Thursday, July 5, 2007

We are what we eat?: Retroactive Post

So, maybe it's not as world-altering as the US declaring independence from British rule, but it's altering my world. Albert came across a really good Time (the Asian version) issue last month and wanted me to read it. As I was busy taking care of lots of other things at the time, I stubbornly told him I'd read it later, so he stubbornly refused to read it before me and instead just passed it on. However, he managed to find it again, and since it's testing week, all I have to do at work is be here, help answer grading questions and help mark tests, so I decided that today would be a good time to read it.

The reason he wanted me to read it was because it was all about food and its connections with the world we live in now, and what it might signify for our future. I was in the midst of reading the fourth article, when I had an epiphanic moment as to what my trip to Hong Kong would be like, which soon extended into how I want to spend the rest of my time in Japan. The article was discussing Mark Brownstein, aka The Food Hunter, and how his knowledge of Asia ingredients is sparking a growth of interest among German and French chefs. Reading the sentence, "The big French chefs, too, are just getting their heads around Asia," made me realize that if I want to go to France and study French cuisine, it is to my advantange to exploit my personal experience with Asian culture and cuisines.

Thus, I've decided to change my itinerary in Hong Kong from eating at posh fusion restaurants like M at the Fringe and Pierre Gagnaire's Pierre, to eating the local Cantonese and Macanese specialties, like the egg tarts and dim sum that I've heard so much about from Albert. I want to get the true taste of Hong Kong, to understand it's cooking as much as I can in the three days I have there.

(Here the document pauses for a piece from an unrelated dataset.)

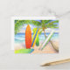 En la orilla y entre las palmeras, hay una colorida tabla de surf que espera pacientemente sus "grandes Kahunas". :: Acuarela original de Barbara Bayer

This further led me to apply this to my time in Japan, and instead of spending my money eating out at expensive Western restaurants or cooking it at home, I want to learn what I can about Japanese cooking, and save my money to take trips to other Asian countries and learn about their cuisines in that way. I hope that developing a strong foundation in Japanese cooking, as well as a broader knowledge of Asian cooking, in addition to my personal knowknowledge of Filipino cooking will help differentiate me as a culinary arts student and later on as a chef. Now, I've got to see if I can curb my hedonistic tendencies to achieve my goals. Wish me luck, ne?